'Annie' is only a day away
Published: Thursday, January 24, 2008 at 6:01 a.m.
Last Modified: Tuesday, January 22, 2008 at 8:25 p.m.
On Friday, a certain beloved musical with a heart as big as a touring bus rolls into the Phillips Center - and brings with it one of the most irrepressible little redheads the stage has ever seen.
On Broadway and beyond, "Annie" has been played, freckle-faced and pony-tailed, by actresses ranging from Andrea McArdle to Sarah Jessica Parker (with Molly Ringwald once weighing in as one of the musical's "orphans").
Amanda Balon, the Orlando actress who'll hit the stage running when the musical plays Gainesville, is no doubt having the ride of her young life: She's being treated like America's sweetheart incarnate, and asked to sign autographs and pose for pictures wherever she goes.
And a certain actress in our own midst - a once-redheaded actress in Gainesville who knows of what she speaks - has some advice for her.
"Have fun," says Gainesville's Heather Soroka. "Have fun and enjoy it."
And how does Soroka, a 26-year-old human resources specialist, know her "Tomorrows" from today, and her shaggy-dog Sandys from other pampered pooches the world over?
Because in 1991, at age 11, Soroka toured the country in a year-long tour - the 15th anniversary tour - of "Annie."
It was a role for which she beat out 400 other girls, and for which she received the kind of adulation usually associated with great, European bishops dressed in all-white.
In fact, it was considered the role - the role of a lifetime - for any young girl who wanted to get up on a stage and perform for others in a musical.
"Every night, I would walk out the stage door and there would be a group of people or circle of people waiting for my autograph and waiting to take pictures of me and talk to me," Soroka says.
"And I did interviews in every city that we went to."
But Soroka, who hails from Annapolis, Md., and is now engaged to Gainesville native Morris Gertner, had a way of dealing with the fame that came through playing such an iconic figure of the comics and the movies: She was just herself.

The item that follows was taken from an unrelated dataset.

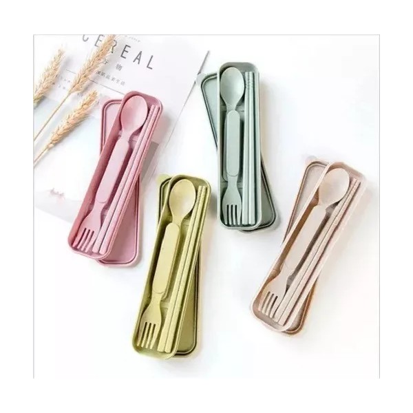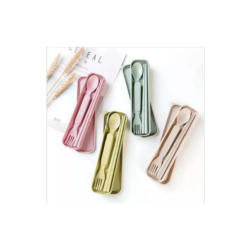 Cubiertos portátiles ecológicos sustentable elabora de fibra de trigo, ideales para la oficina, escuela y complementar con tu box luch.

"I knew it was a huge deal (to "be" Annie), but I always kind of just stayed myself," Soroka says. "I didn't really become like 'alittle child star.' "
"I loved what I did, and I loved entertaining; I loved singing."

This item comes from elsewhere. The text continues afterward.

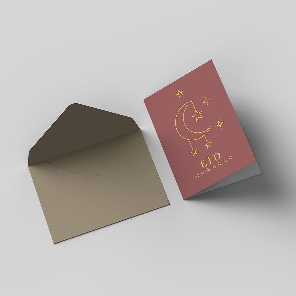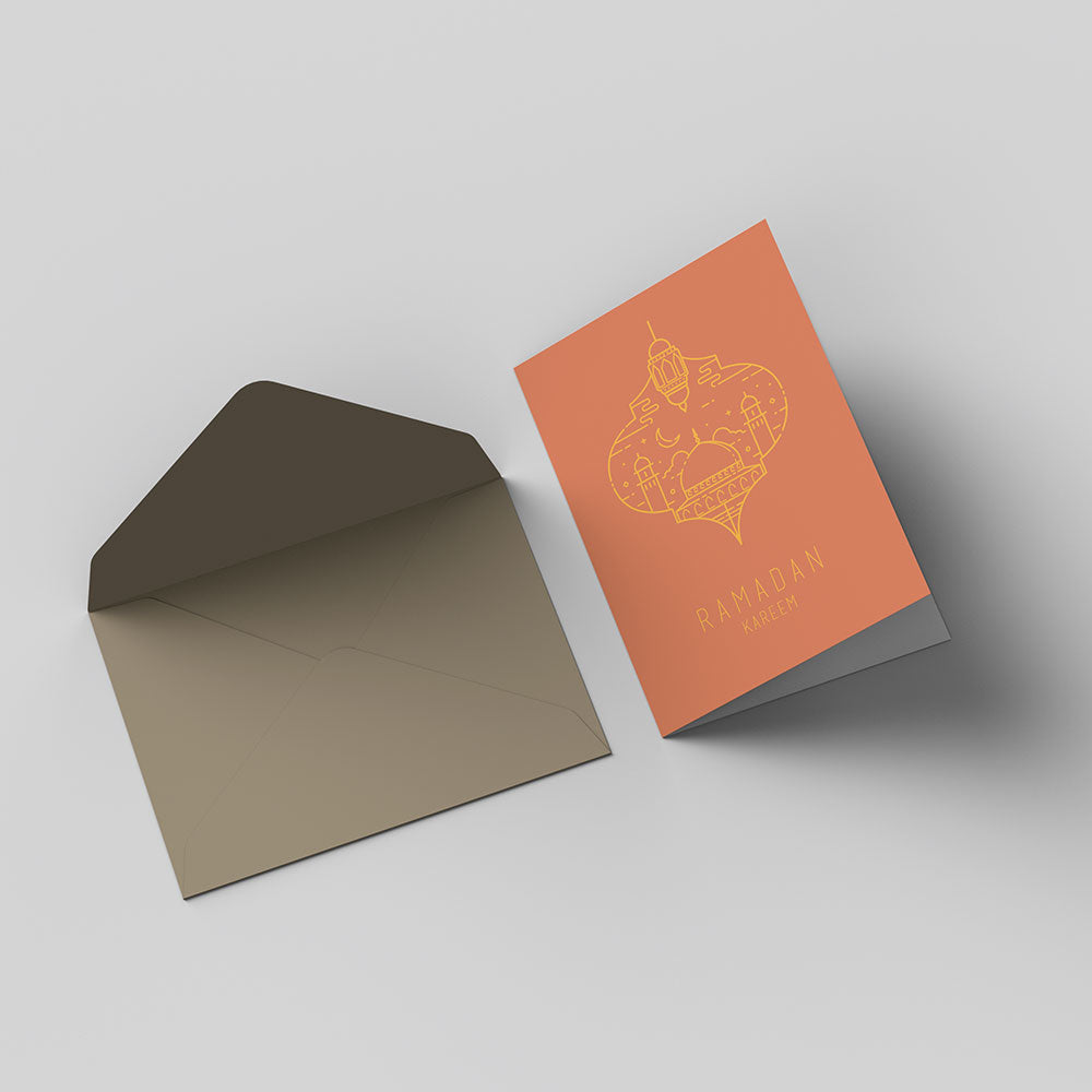 Grußkarten 4er Set Modernes Set mit vier minimalistischen Grußkarten in warmen Erdtönen. Die filigranen Gold-Illustrationen von Moscheen und Mond-Symbolen eignen...

She loved every second, in fact; she just didn't really understand why people wanted her autograph. She just wanted to hang out with her friends in the cast after the show. And once all of the red dye was out of her blonde hair, she wanted to return to being the normal, All-American student she had been.
"It was a wonderful experience," she says. "But I was humble. And I still am."
So there you have it, ladies and gentleman; true words to live by. For all of today - and all of "Tomorrow."